BY RYAN FERRY
EAMONN McBride follows the Donegal senior football team through thick and thin and he is eagerly-awaiting Sunday’s big match.
McBride is a proud Gaoth Dobhair man and his passion burns strongly for both his club and county.
He stuck by the team during a disappointing 2023 and is enjoying the feel-good factor of the set-up this term.
“I will go and watch Donegal rain, hail or snow. I just love it.
“I remember way back going to O’Donnell Park long before the stand was built to watch Donegal play Leitrim in a Division 3 match. Things are going better now than they were there.
“When you go to league games in Ballyshannon, Ballybofey or Letterkenny, you see the same people most games, but then with the Championship, another group of supporters emerges.
“I have the season ticket for about ten years now and it’s great.
“It’s nice to know that you have your ticket sorted already and you don’t have to worry about it.
“It’s my life really between supporting Donegal and Gaoth Dobhair.
“I have been to all the games this year apart from the Kildare one in Carlow.
“It’s great to have local men involved with the county team and I read all the papers and if I see even a little mention of Gaoth Dobhair, I’ll be cutting it out.
“I have stacks and stacks of cut-outs at home, and I record all the matches to watch them back again.”

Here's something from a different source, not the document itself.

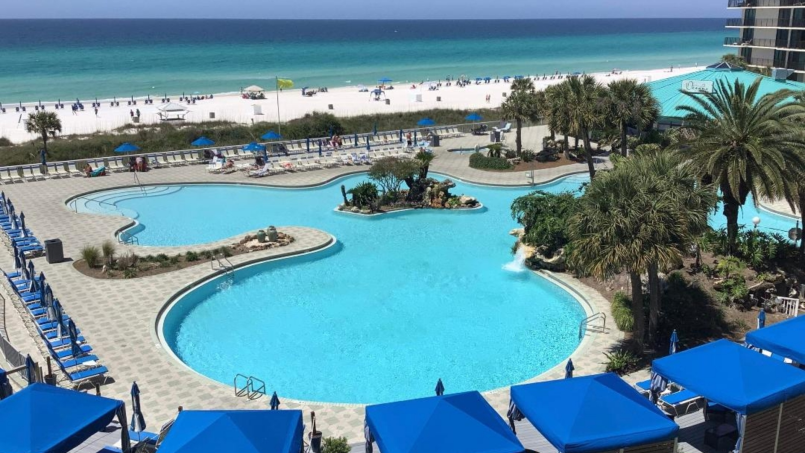 The luxurious Edgewater Beach & Golf Resort in Panama City Beach’s ONLY full-service resort. Just over the resort pedestrian bridge, you’ll find a full restaurant, tiki bar, lagoon pool, kids splash area, Paradise Pizza, Starbucks and more. Just outside the gates of the resort is a multitude of additional walk-to restaurants–everything from NY style pizza to a high-end seafood establishment, an oyster bar, a Cajun cafe, Mexican restaurant, bagel shop, and even a Subway and Waffle House.

McBride will set off from his home in Derrybeg early on Sunday to be up in Clones long before Martin McNally throws in the ball.
“I will set off from home early and try and get up in good time a couple of hours before the match.
“I will go by Donegal Town and up through Pettigo and on to Enniskillen. It takes around two hours.
“I like to go early and that way you beat the traffic and I’ll probably get a bite to eat when I get to Monaghan.
“If you get there early, you can get the car parked in a good spot to get on the road afterwards, but hopefully we will be hanging around for the celebrations this week.”
McBride says he was confident that Donegal would beat Derry in the Ulster quarter-final but was more nervous ahead of the Tyrone match.
Jim McGuinness’s team came through both of those challenges and they are being talked up now because of that.
McBride feels his county are in a good place but he is wary of what Armagh can offer, especially after they were edged out by Donegal in the Division 2 Final.
“My thinking is that it’s going to be a very tough game.
“We have already beaten them in a final and it’s very hard to beat a team twice in-a-row in a final.
“Rian O’Neill and ‘Soupy’ (Stefan) Campbell will all be starting this time too so it’s going to be a tight game in Clones.
“We will go in as red-hot favourites but I think it will be closer than that, and Kieran McGeeney is really going to want to win Ulster.
“But judging by the Derry and Tyrone games, I think we should have enough to get over the line.
“I don’t like to predict the scoreline in case it goes belly-up but I think Donegal will win by two or three points.”